In October 2018, the Queensland state government proposed a policy which would ban the photography of shark culling in Queensland; Lawrence Chlebeck of Humane Society International said the following about this proposal: "The Queensland Government's plan to put exclusion zones around shark control equipment is simply a measure to keep the slaughter of sharks and marine wildlife hidden from public view. This is not about public safety, rather it's a blatant tactic to reduce public scrutiny by a government under increased public pressure to end its archaic culling program."
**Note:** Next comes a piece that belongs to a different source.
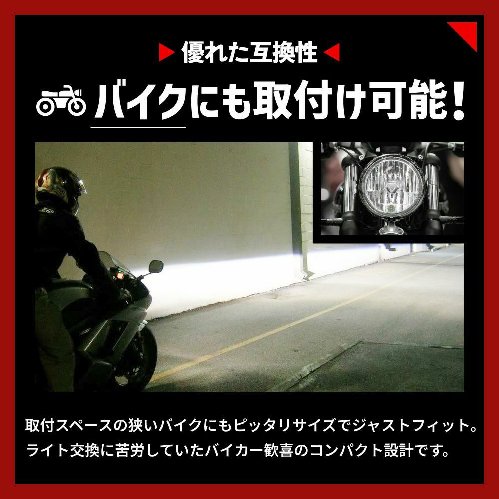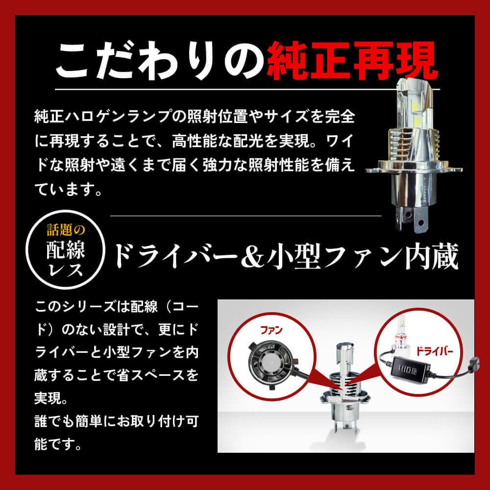 HID屋 バルブ交換のみで簡単取り付け Sシリーズ バイク用 H4 Hi/Lo LEDバルブ コードレス LED ヘッドライト 配線レス 21600cd(カンデラ) 爆光 車検対応 純正サイズ 一体型 ファン付き バルブ ポン付け 6500k ハイビーム

===KwaZulu-Natal (South Africa)===
Shark nets and drum lines are utilised to kill sharks in a "shark control" program in KwaZulu-Natal, South Africa which has been occurring in KwaZulu-Natal since the 1950s. The region's shark attack statistics primarily reflect the effectiveness of netting, as drum lines were only introduced recently, following their successful use for over 40 years in Queensland, Australia. The KwaZulu-Natal Sharks Board (KZNSB) says, "Both types of equipment function by reducing shark numbers in the vicinity of protected beaches, thereby lowering the probability of encounters between sharks and people at those beaches." The KZNSB also states that there were seven fatal attacks at Durban from 1943 until the installation of shark nets in 1952, and that no fatalities or incidents resulting in serious injury have occurred since nets were installed. According to the KZNSB, "from 1940 until most of those beaches were first netted in the 1960s, there were 16 fatal attacks and 11 resulting in serious injury. In the three decades since nets were installed, there have been no fatal attacks at those beaches and only four resulting in serious injury."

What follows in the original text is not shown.